= Given data =
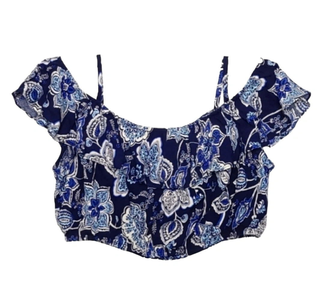 Aqua Off Shoulder Blue Crop Top with Ruffles
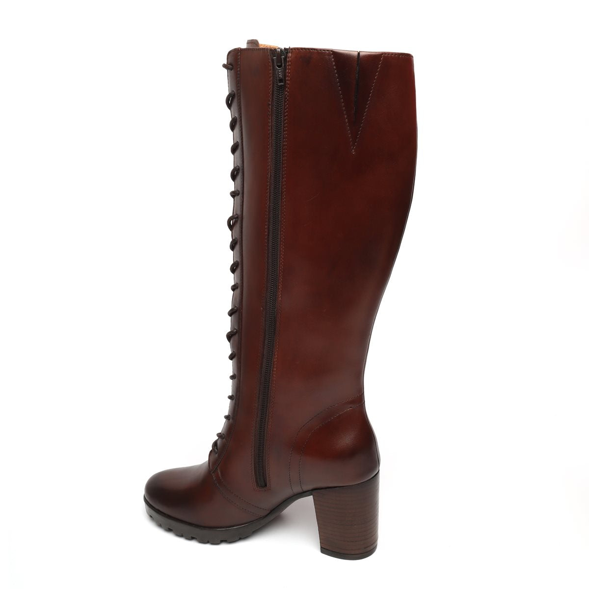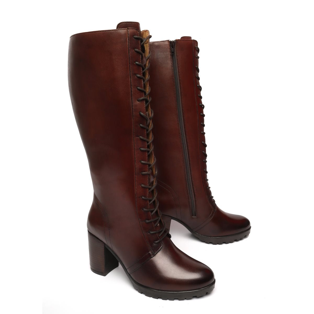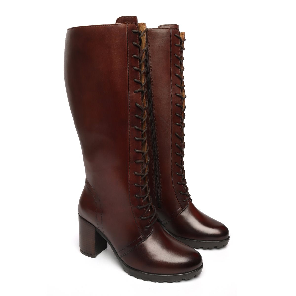 These genuine leather knee height lace up ladies boots are perfect to keep your fashion stand above from the crowd. Rounded toe and high rise block heel provide elegance to the look. Side zipper fastening along with adjustable laces take care the appropriate fit and comfort. Match these stylish knee high boots with chic Jeans and leather jacket for your next party.
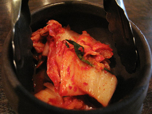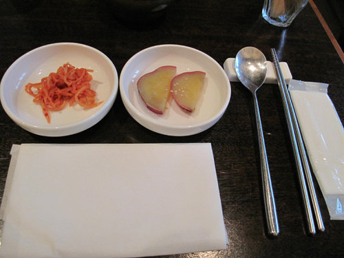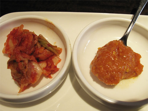 パンチャン(おかず)2種とおかわり自由のキムチ。
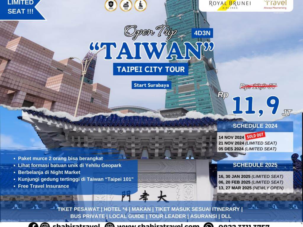 CKS Memorial Hall, Ximending Night Market, Yehliu Geopark, Shinfen Skylantern, Taipe Night Market, Pineapple Tart, Taipei 101 (photo stop), Zaoher Night Market.

= What you have to do =
Copy the listing over exactly, skipping the pictures it holds.

= Result of the exercise =
 Aqua Off Shoulder Blue Crop Top with Ruffles
 These genuine leather knee height lace up ladies boots are perfect to keep your fashion stand above from the crowd. Rounded toe and high rise block heel provide elegance to the look. Side zipper fastening along with adjustable laces take care the appropriate fit and comfort. Match these stylish knee high boots with chic Jeans and leather jacket for your next party.
 パンチャン(おかず)2種とおかわり自由のキムチ。
 CKS Memorial Hall, Ximending Night Market, Yehliu Geopark, Shinfen Skylantern, Taipe Night Market, Pineapple Tart, Taipei 101 (photo stop), Zaoher Night Market.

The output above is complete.